The three banks also contribute to development through their pivotal role in promoting small and medium-sized enterprises (SMEs) and various mega projects in the economy. The three banks also enhance financial inclusion through digitalisation and the application of innovative tools.

These three main roles – namely maintaining financial stability, promoting SMEs and enhancing financial inclusion – allow for the characterisation of the public commercial banks as PDBs. Yet several reforms are needed to increase their effectiveness in coping with future crises and new megatrends such as fintech and digitalisation.

The way forward

Generally, development banks can only play their important role if they have independence, flexibility and expertise. The mandate of development banks is of lesser importance. But it is important to distinguish between their development and macroeconomic roles since financing the government debt is not per se a development role.

The introduction of stress testing since 2011 has enabled the Egyptian banks to react to several shocks including Covid-19. In the future, stress testing can focus on mitigating the risks of political challenges, economic fluctuations and natural disasters.

Moreover, the pandemic has accelerated the complete adoption of digitalisation. It is important in that context to have regulatory frameworks that will protect banks and customers from various cyber threats. While the Financial Regulatory Authority (FRA) has drafted a law to regulate non-banking fintech operations, the Central Bank of Egypt has not taken visible steps in this direction for the banking sector.

Finally, at the regulatory level, there is a need for a flexible prudential framework to allow banks to operate freely and still maintain high levels of financial resilience. The application of Basel IV principles is a further step in the right direction.

In addition, the future of the banking sector will be different and all banks have to equip themselves with all the requirements of the new era, which requires a fast-paced flexible technological infrastructure and sufficient training for all staff on all the new financial tools.

Further reading

Fernanda F, and F Carmem (2021) ‘Development Banks as an Arm of Economic Policy – Promoting Sustainable Structural Change’, International Journal of Political Economy 50(1): 44-59.

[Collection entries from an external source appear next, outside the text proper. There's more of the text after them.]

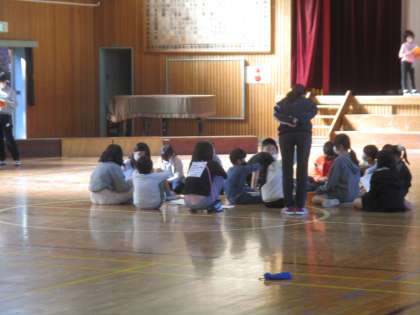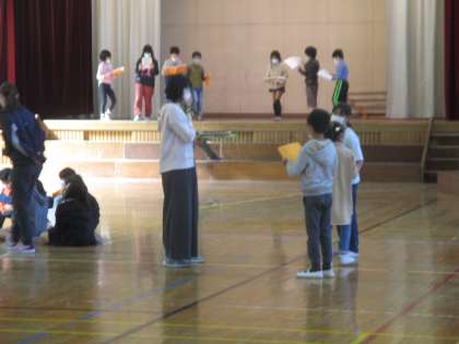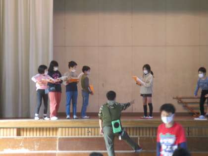 学習発表会の練習をしていました。グループに分かれてそれぞれが頑張っていました。
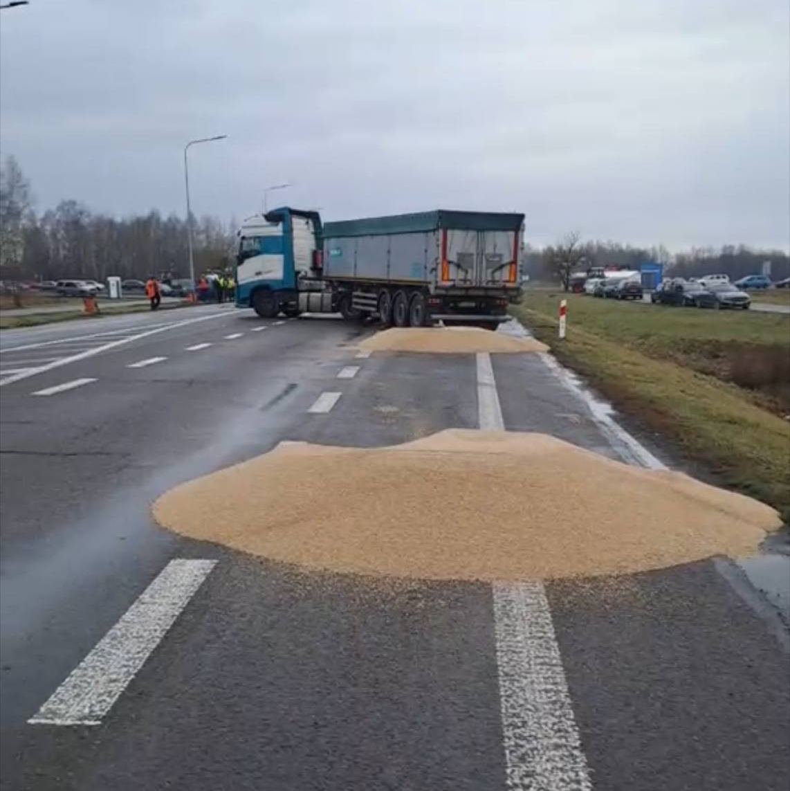 Мэр Львова назвал «пророссийскими провокаторами» польских фермеров, которые высыпали украинское зерно из грузовиков на границе.
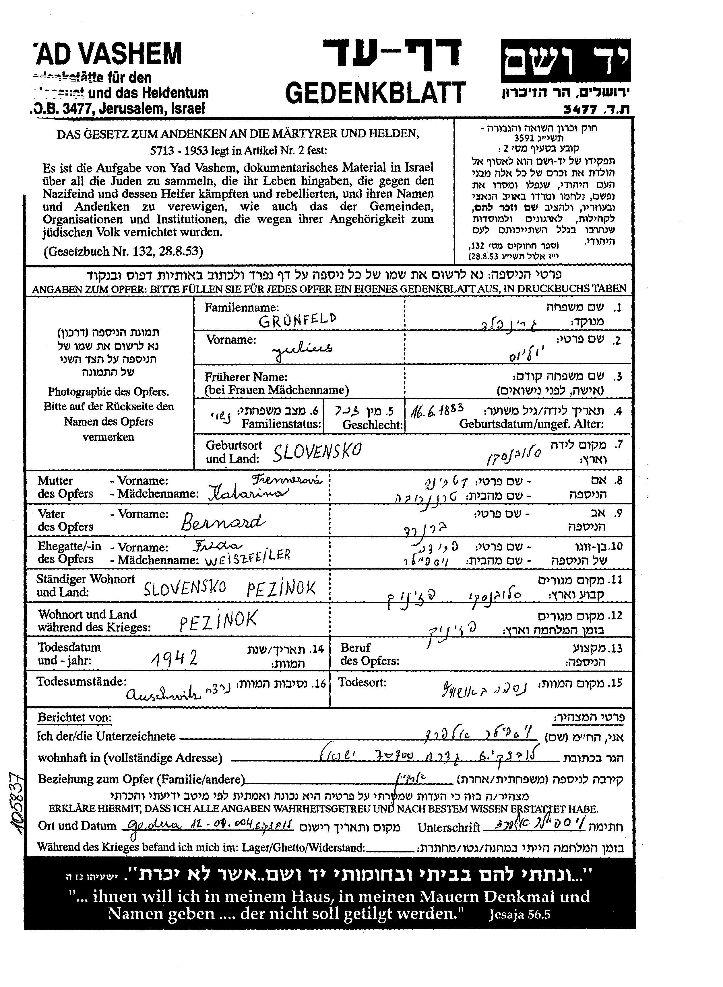 Grinfeld Yulius 1883 Pezinok, Czechoslovakia Page of Testimony

Fouad, J, M Said, W Sherif and C Zaki (2022) ‘Public Banks and Development in Egypt: Overview, Issues and the Way Forward’, ERF Working Paper No. 1594.

Marodon, R (2020) ‘Can development banks step up to the challenge of sustainable development?’, l’Agence Française du Développement research papers No. 175.

Mohieldin, M, and S Nasr (2003) ‘On Bank Privatization in Egypt’, ERF Working Paper No. 325.

Xu, J, R Marodon, X Ru, X Ren and X Wu (2021) ‘What are public development banks and development financing institutions? Qualification criteria, stylized facts and development trends’, China Economic Quarterly International 1(4): 271-94.